The wash water stream 164 may include recycled water from the separation system 158, fresh make-up water from a make-up water tank, or both. The amount of the wash water stream 164 injected into the cooled intermediate product 160 depends on the concentration of chlorides (e.g., HCl) and ammonia (NH3) in the cooled intermediate product 160, nitrogen content of the feedstock 124, and pH of the wash water stream 164. In certain embodiments, if the pH of the recycled wash water stream 164 is below a desired pH (e.g., an acidic pH), ammoniated fresh water may be injected into the wash water stream 164 to maintain the pH within a desired range of between 6 and 7. The hydrocarbon stream 170 may be a condensed and separated hydrocarbon liquid generated in the separation system 156.

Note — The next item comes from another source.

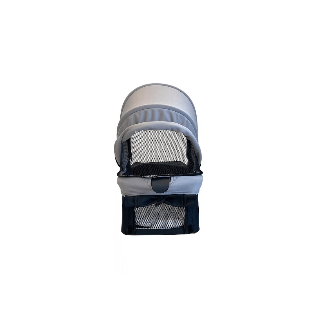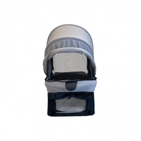 Le canopy et le dossier de cette nacelle disposent d'un zip d'ouverture avec des aérations par lesquelles vous pourrez voir vos enfants. Un habillage pluie individuel et une moustiquaire sont fournis avec la nacelle rigide.

The resultant diluted and water-washed intermediate product 162 is fed to the separation system 156 where the product 162 is separated into four product streams: an aqueous phase (e.g., the recycled was water stream 164), a hydrocarbon liquid product 174, a hydrogen (H2)-rich off-gas 159, and recycle gas 176. The aqueous phase is used as the wash water stream 164. In certain embodiments, a portion of the aqueous phase is routed to a wash water recovery system external to the system 10 as a bleed stream. In certain embodiments, the diluted intermediate product 162 may be cooled in a cooler (e.g., an air cooler) prior to being fed to the separation system 156. The cooler may further cool diluted intermediate product 162 to a temperature below 75° C. As the HCl and NH3 in the cooled diluted intermediate product 162 are dissolved and diluted in the aqueous phase, desublimation of ammonia with hydrogen chloride or with other hydrogen halides to form ammonium salts is not of concern. Moreover, in the separation system 156, the aqueous phase (including the HCl and NH3) are separated and removed from the hydrocarbon liquid product 174 upstream of the hydrocracking stage 118. As such, processes in the hydrocracking stage 118 are no longer undesirably impacted by the chlorides present in the feedstock 124. Therefore, unlike certain existing hydroprocessing systems, the system 100 may be used for hydroprocessing of high chloride feedstocks, such as the feedstock 124.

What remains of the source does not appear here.